-------- RECORDS FOR PROCESSING

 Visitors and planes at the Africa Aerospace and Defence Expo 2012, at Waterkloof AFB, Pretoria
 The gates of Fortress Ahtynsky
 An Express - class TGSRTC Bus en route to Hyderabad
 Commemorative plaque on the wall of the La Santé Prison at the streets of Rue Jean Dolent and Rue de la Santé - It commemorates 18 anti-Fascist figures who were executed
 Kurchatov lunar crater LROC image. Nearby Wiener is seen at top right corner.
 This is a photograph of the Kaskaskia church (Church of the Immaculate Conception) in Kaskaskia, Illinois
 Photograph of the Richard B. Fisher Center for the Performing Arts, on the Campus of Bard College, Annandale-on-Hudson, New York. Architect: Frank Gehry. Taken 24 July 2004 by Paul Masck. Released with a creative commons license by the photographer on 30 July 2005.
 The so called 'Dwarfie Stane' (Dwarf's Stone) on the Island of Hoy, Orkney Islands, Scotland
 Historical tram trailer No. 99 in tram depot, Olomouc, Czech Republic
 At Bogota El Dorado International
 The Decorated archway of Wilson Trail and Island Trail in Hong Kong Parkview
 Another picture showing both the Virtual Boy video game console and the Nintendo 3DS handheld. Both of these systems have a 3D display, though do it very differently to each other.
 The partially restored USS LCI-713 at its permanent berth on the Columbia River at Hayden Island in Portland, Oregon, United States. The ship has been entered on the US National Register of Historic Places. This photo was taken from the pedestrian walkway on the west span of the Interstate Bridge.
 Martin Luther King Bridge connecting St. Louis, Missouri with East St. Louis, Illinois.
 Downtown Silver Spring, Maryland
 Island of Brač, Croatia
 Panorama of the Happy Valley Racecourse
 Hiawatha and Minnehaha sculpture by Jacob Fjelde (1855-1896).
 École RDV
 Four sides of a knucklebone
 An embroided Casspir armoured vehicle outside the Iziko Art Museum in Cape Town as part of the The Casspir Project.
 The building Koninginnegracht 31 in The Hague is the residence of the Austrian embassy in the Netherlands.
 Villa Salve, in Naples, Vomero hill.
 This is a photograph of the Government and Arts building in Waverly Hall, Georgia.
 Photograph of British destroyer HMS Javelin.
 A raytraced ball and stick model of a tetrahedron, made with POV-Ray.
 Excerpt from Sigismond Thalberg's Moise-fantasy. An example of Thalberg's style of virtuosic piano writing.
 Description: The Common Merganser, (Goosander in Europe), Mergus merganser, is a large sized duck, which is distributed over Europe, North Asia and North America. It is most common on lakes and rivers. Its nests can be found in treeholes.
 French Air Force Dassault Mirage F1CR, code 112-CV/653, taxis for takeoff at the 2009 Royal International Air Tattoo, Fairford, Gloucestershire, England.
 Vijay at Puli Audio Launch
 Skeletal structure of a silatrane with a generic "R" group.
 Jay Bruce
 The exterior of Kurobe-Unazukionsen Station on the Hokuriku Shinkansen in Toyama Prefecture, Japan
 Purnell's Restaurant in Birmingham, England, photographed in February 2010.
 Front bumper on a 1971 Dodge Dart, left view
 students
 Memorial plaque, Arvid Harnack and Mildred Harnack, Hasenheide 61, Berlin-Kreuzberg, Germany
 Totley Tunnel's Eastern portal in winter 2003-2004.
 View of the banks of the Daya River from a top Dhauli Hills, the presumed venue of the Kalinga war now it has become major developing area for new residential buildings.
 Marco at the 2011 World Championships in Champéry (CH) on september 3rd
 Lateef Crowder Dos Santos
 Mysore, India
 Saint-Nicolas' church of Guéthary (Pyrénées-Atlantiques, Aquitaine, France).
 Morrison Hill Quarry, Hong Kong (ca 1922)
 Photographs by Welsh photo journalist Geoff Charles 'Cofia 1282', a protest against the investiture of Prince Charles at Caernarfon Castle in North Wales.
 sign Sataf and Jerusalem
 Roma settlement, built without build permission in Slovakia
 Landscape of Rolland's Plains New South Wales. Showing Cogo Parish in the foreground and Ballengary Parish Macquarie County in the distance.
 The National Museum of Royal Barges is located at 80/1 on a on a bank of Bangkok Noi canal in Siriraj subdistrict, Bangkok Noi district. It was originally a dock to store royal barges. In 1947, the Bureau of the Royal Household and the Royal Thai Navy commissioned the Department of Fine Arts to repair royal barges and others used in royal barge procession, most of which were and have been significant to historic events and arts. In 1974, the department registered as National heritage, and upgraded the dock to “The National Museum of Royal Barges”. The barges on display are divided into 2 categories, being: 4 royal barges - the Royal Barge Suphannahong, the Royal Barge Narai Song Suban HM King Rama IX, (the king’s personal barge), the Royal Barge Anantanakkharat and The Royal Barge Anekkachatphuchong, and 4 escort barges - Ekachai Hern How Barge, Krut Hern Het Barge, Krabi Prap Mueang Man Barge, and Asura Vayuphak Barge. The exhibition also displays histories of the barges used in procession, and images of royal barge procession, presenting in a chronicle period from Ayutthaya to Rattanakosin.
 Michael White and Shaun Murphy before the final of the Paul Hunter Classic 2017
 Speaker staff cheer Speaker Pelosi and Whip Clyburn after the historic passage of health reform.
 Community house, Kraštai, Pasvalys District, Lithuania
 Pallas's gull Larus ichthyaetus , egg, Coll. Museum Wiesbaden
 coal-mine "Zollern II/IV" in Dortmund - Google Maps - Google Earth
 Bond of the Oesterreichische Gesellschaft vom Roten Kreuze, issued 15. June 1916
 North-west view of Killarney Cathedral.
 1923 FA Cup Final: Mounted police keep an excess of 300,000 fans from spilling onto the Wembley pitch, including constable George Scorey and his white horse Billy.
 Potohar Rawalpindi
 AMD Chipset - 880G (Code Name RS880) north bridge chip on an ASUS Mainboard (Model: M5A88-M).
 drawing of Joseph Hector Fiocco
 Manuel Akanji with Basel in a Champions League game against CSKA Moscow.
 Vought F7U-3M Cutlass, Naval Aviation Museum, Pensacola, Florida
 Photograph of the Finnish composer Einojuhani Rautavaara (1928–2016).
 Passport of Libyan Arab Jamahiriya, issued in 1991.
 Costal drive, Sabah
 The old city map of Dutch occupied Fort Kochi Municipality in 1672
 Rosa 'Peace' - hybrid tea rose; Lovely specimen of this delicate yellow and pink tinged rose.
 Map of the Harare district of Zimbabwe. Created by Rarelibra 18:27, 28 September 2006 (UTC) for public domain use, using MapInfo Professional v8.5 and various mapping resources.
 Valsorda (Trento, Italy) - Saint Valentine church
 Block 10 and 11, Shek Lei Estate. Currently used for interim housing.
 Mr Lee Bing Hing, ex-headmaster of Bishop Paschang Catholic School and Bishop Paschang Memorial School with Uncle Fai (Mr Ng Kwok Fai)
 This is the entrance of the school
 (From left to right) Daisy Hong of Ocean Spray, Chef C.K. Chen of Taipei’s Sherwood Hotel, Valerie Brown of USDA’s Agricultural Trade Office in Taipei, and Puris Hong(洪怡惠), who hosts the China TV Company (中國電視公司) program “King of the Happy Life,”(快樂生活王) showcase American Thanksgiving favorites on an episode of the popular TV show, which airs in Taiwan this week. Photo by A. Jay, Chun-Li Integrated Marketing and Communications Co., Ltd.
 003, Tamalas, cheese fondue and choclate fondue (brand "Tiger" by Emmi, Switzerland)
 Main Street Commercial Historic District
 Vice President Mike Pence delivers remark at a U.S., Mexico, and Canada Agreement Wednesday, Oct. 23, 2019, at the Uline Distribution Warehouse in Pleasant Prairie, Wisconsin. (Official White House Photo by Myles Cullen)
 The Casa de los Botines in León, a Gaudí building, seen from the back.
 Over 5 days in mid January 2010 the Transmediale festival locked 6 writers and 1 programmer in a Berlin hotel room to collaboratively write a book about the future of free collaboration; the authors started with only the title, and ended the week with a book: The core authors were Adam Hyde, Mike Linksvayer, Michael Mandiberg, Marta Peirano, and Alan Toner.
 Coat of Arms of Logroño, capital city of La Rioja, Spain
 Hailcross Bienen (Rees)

----------------

TASK ITEM: Copy here each line of the preceding records with "Berlin" in it.

SOLUTION:
 Memorial plaque, Arvid Harnack and Mildred Harnack, Hasenheide 61, Berlin-Kreuzberg, Germany
 Over 5 days in mid January 2010 the Transmediale festival locked 6 writers and 1 programmer in a Berlin hotel room to collaboratively write a book about the future of free collaboration; the authors started with only the title, and ended the week with a book: The core authors were Adam Hyde, Mike Linksvayer, Michael Mandiberg, Marta Peirano, and Alan Toner.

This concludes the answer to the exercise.